*** Available data ***
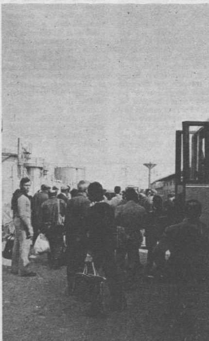
Davanti ai cancelli della SIR di Porto Torres
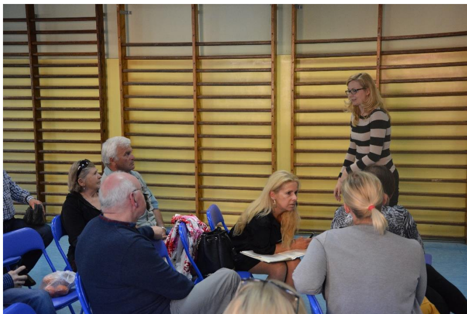
Mieszkańcy Obszaru Śródmieście - Starówka

W spotkaniu uczestniczyło 15 osób. Najpierw omówiono kwestie infrastruktury drogowej, stanu technicznego budynków, bezpieczeństwa, a następnie problemy społeczne, głównie zgłaszano uwagi dotyczące :
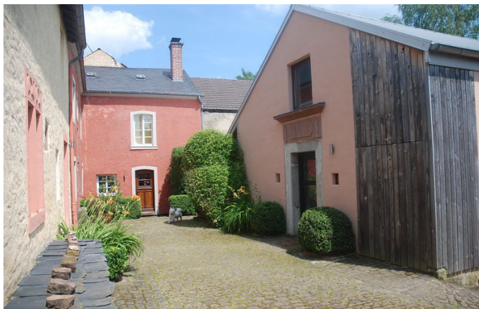
Foto oben: die Straßenansicht mit Vorgarten | Foto Mitte: Der Eingang zum Wohnhaus über den Hof | Foto unten: Das Anwesen aus Blickwinkel des Innenhof mit der Werkstatt rechts im Bild | Bild rechts: ein Teil der mühevoll freigelegten Wandmalereien.

Bauherr/ Fotos: Esther und Hardy Diedrich, Bickendorf
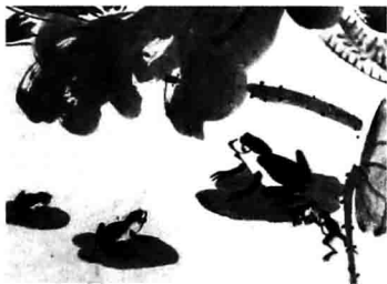
《小蝌蚪找妈妈》(中国)
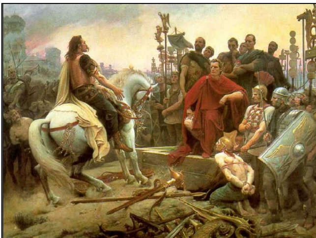
Vercingétorix jette ses armes aux pieds de César huile sur toile, de Lionel Royer, 1899

Pourquoi ? Comment ?). Les journalistes américains disent « 5W » (When, Where, Who, What, Why).
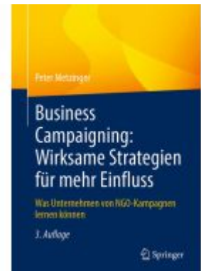
Business Campaigning: Wirksame Strategien für mehr Einfluss
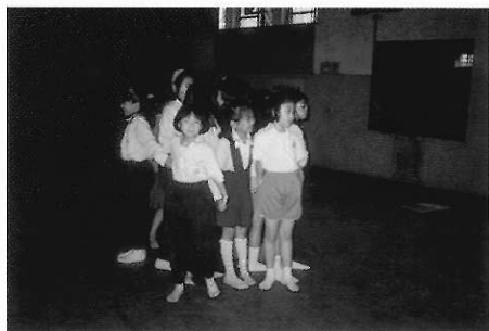
▲圖五二 打一個又緊又密的結。
***
§ **Your assignment**
Nothing but the lines above, starting at the line that contains "Bauherr/ Fotos: Esther" and ending at the line that contains "Business Campaigning: Wirksame", should be given again, exactly and without the pictures.

§ **Response**
Bauherr/ Fotos: Esther und Hardy Diedrich, Bickendorf
《小蝌蚪找妈妈》(中国)
Vercingétorix jette ses armes aux pieds de César huile sur toile, de Lionel Royer, 1899

Pourquoi ? Comment ?). Les journalistes américains disent « 5W » (When, Where, Who, What, Why).
Business Campaigning: Wirksame Strategien für mehr Einfluss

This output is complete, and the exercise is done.